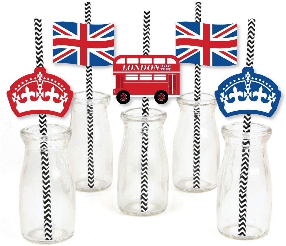 Cheerio, London - Paper Straw Decor - British UK Party Striped Decorative Straws - Set of 24
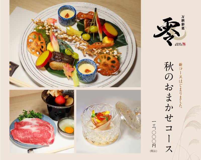 株式会社アフェクトが展開する「万酒彩菜 零」(公式HP : https://bansyusaisai-zero.com/)は2024年9月24日より『秋のおすすめコース ~中秋の名月 秋の色彩~』をリリース致します。おまかせコースは13,000円。
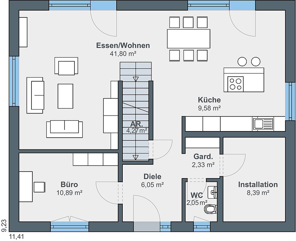 Dieses Einfamilienhaus bietet durchdachte Lösungen für komfortables Wohnen in jeder Lebensphase. Die klare Formensprache verbindet zeitlose Architektur mit nachhaltiger Bauweise, ideal für Bauherren mit Zukunftsblick. Großzügige Fenster sorgen für lichtdurchflutete Räume und ein angenehmes Wohngefühl. Durch den attraktiven Aktionspreis wird nachhaltiges Bauen mit WeberHaus besonders wirtschaftlich. Ein Einfamilienhaus, das Komfort, Umweltbewusstsein und Qualität vereint.

= What to do =
Could you set down, exactly as written, every line from the one with "零」(公式HP : https://bansyusaisai-zero.com/)は2024年9月24日より『秋のおすすめコース" to the end of the data, both ends included? Leave out the pictures.

= Answer box =
 株式会社アフェクトが展開する「万酒彩菜 零」(公式HP : https://bansyusaisai-zero.com/)は2024年9月24日より『秋のおすすめコース ~中秋の名月 秋の色彩~』をリリース致します。おまかせコースは13,000円。
 Dieses Einfamilienhaus bietet durchdachte Lösungen für komfortables Wohnen in jeder Lebensphase. Die klare Formensprache verbindet zeitlose Architektur mit nachhaltiger Bauweise, ideal für Bauherren mit Zukunftsblick. Großzügige Fenster sorgen für lichtdurchflutete Räume und ein angenehmes Wohngefühl. Durch den attraktiven Aktionspreis wird nachhaltiges Bauen mit WeberHaus besonders wirtschaftlich. Ein Einfamilienhaus, das Komfort, Umweltbewusstsein und Qualität vereint.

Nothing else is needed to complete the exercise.